KINGSLAND, Texas — Businesses in rural parts of Texas are getting the green light to reopen at a pace faster than counties with higher coronavirus case counts.
According to the Texas Department of State Health Services, 70 counties in the state can operate businesses at 50% capacity as of Saturday.
Two of those counties, Llano and Gillespie, are in Central Texas.
Under the governor’s executive order, these counties must have fewer than five confirmed cases of the virus, as well as other health protocols in place, some of which include:
- A list of places to get a COVID-19 test
- Plans for contract tracing if a new case is confirmed
- Public health guidelines posted
With these protocols met, restaurant dining rooms, retailers, malls, museums and libraries can all operate at a higher capacity.
In counties that don’t meet these guidelines, businesses can only operate at 25%.
On Saturday, business boomed in Kingsland along Lake LBJ.
“People are out. People are trying to enjoy the lake,” said Nicole Brooks, general manager at Boat Town Burger Bar.
The restaurant spent weeks doing to-go only orders before reopening the dining room on Friday.
Face coverings are not required, but state and local officials still recommend wearing one if you’re going inside a business or around people you do not live with. Few people appeared to be following that advice in Kingsland on Saturday.
Brooks said the restaurant is working extra to keep things clean for customers.
“We don't want to go back to being locked down and this and that, so everyone's just really trying to follow the guidelines and work together,” Brooks said.
Down the street from Boat Town, Valentine Lakeside owner Pat Muller reopened after voluntarily shutting her resort on the water down. She was glad to have overnight guests back on Saturday.
“It was absolutely the right thing to do,” Muller said. “And I think it's going to be beneficial to us small business owners. So, it's bittersweet because I sort of believe that our cases are going to rise now that people are getting out.”

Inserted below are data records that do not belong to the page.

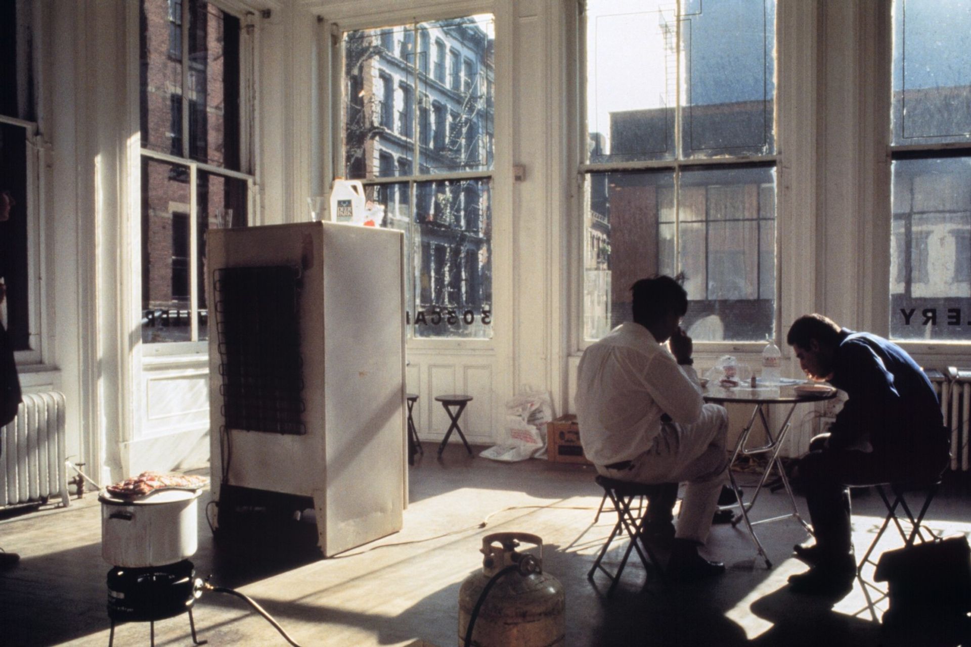 Rirkrit Tiravanija, “Untitled (Free)” (1992), 303 Galeri, enstalasyon görüntüsü. Tiravanjia hazırladığı Tayland usulü sebzeli köriyi isteyen herkese ücretsiz servis ediyor.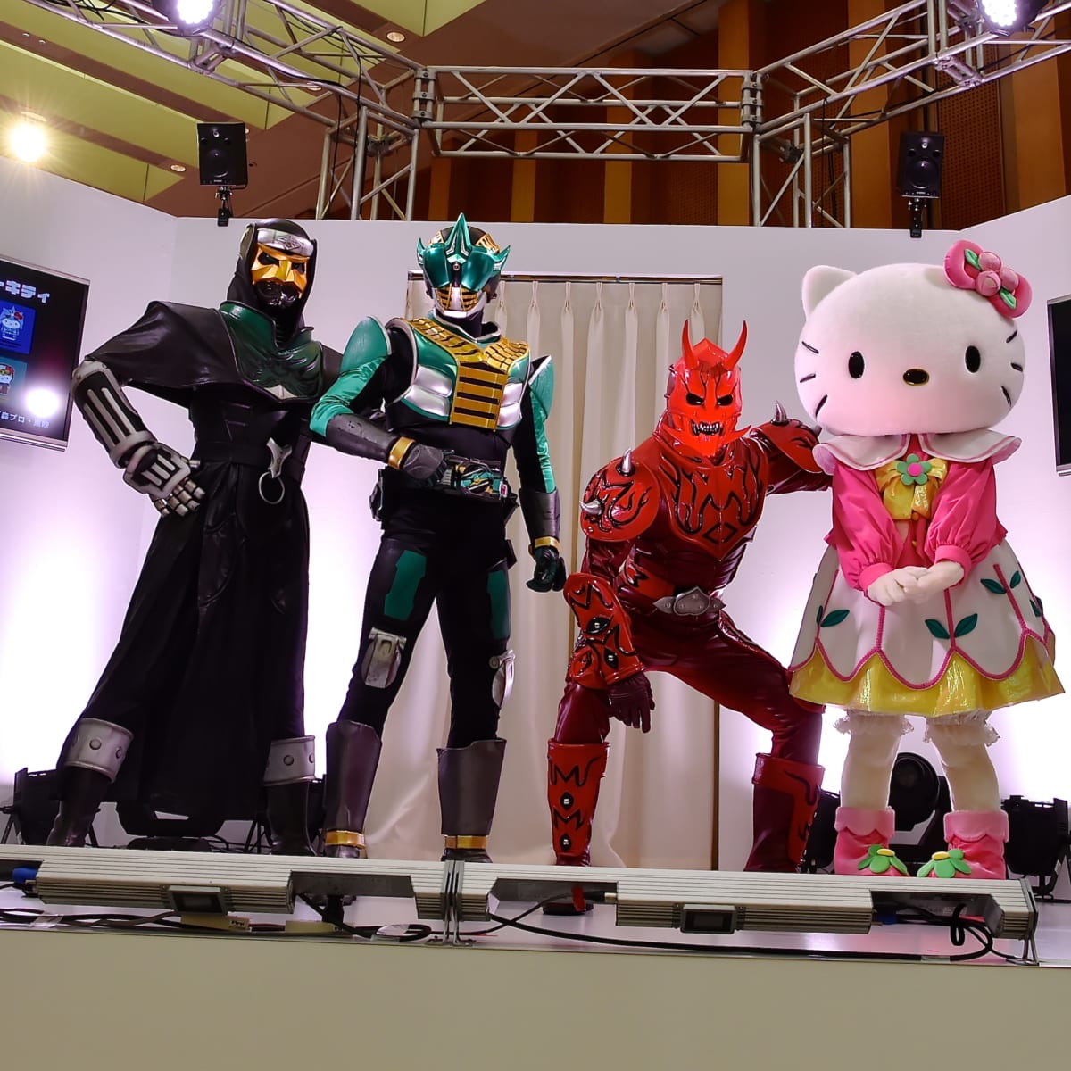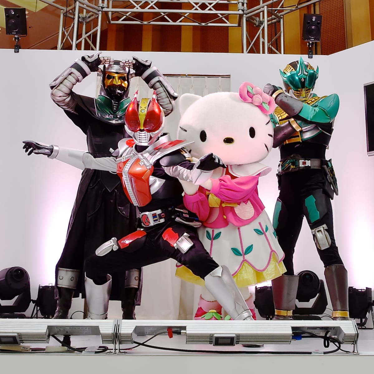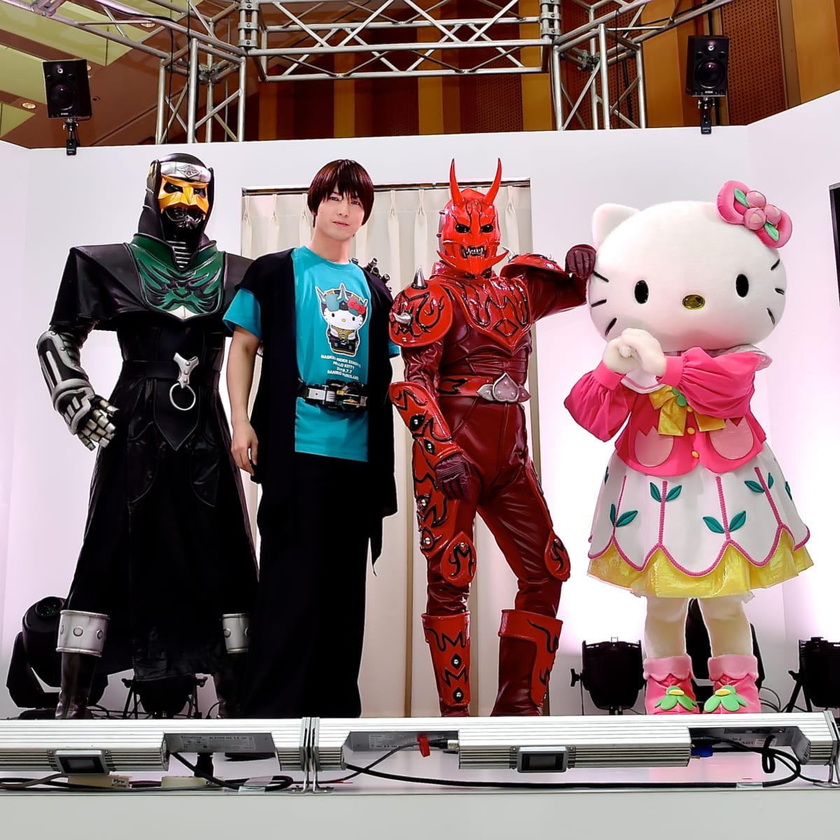 発表会には中村優一さん、ゼロノスアルタイル、モモタロス、デネブ、電王ソードフォームに加え、ハローキティも登場☆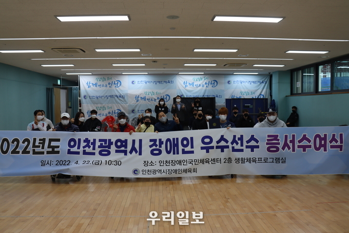 인천시장애인체육회(회장 박남춘)는 22일 인천장애인국민체육센터(연수구 선학동)에서 국내종합대회에서 우수한 성적을 거둬 선발된 영입, 우수, 꿈나무선수를 대상으로 훈련비 증서수여식을 개최했다.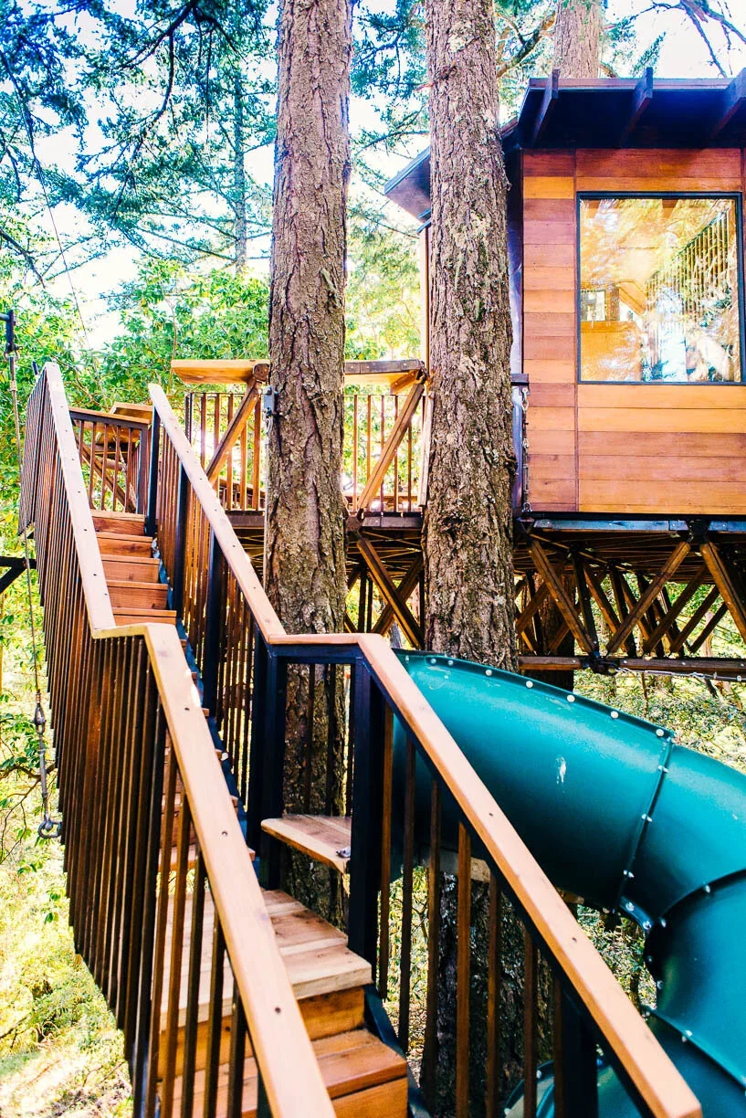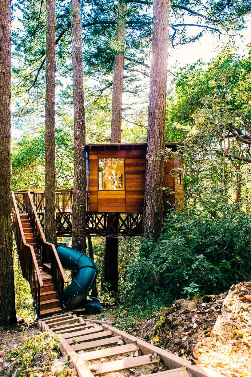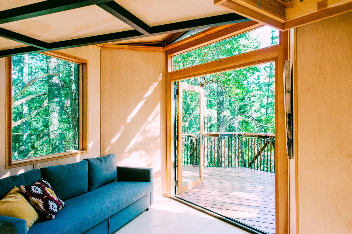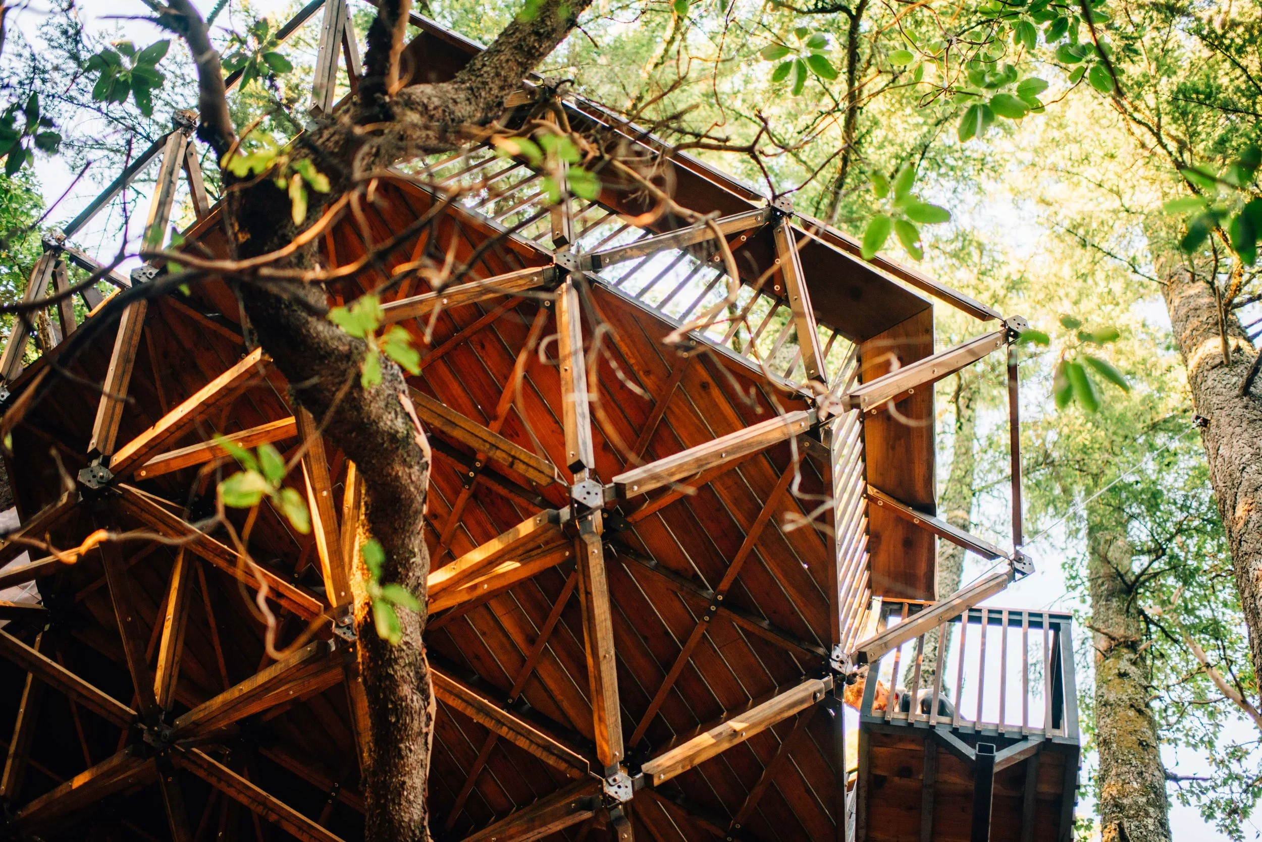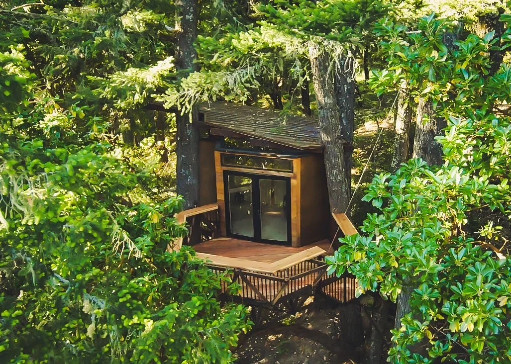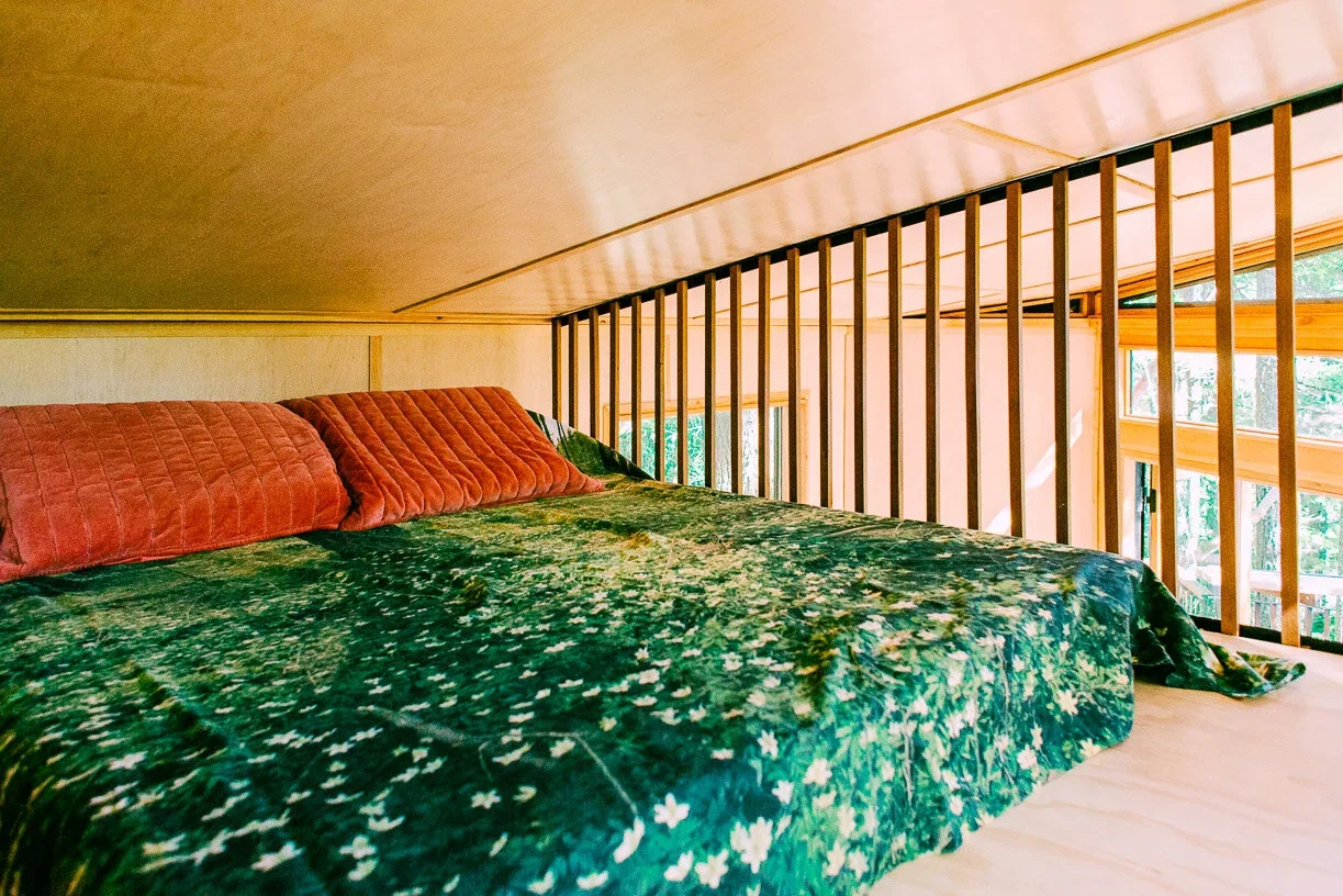 The Madrone Grove represents the evolution of our Equilibrium Home series, featuring the largest floor area yet while maintaining an intimate connection with its forest setting. The Tetratruss foundation was precisely engineered to weave between the surrounding grove, wrapping around trees rather than displacing them. Prefabricated SIP walls rise tall, clad in local redwood and copper, while expansive glass entryways flood maple plywood interiors with natural light. Family life unfolds across multiple zones—an elevated loft for quiet retreats, a grand exterior deck for gatherings, and a playful winding slide that adds joy to daily movement. This warm, illuminated sanctuary demonstrates how modular construction can create spacious yet site-sensitive homes that bring the best of outdoor living inside.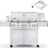 Wyposażony w cztery palniki główne, strefę Sear Station zapewniającą intensywne ciepło do szybkiego przypiekania potraw oraz boczny palnik do przygotowywania dodatków.

Muller is cleaning and sanitizing to make sure rooms on Lake LBJ can still be enjoyed by guests.
For business owners in Kingsland, the coronavirus was the second blow to the bottom line in less than two years.
In Oct. 2018, a historic flood washed out the FM 2900 bridge. It reopened less than a year ago, bringing a lifeline back to businesses.
“Business for us personally dropped dramatically,” Brooks said. “That was that was rough – keeping a staff going, keeping our staff on staff while we just didn't have much business.”
But the lessons learned from the flood are also helping businesses power through what’s been another difficult time.
“We are an amazingly resilient community. We band together. We survived and we thrived, and we will do the same thing through corona,” Muller said.
Llano County Judge Ron Cunningham told KVUE he’s hopeful the restrictions still in place will still contain and mitigate the virus. He also said the county is prepared to add restrictions back if there’s a sudden increase in cases.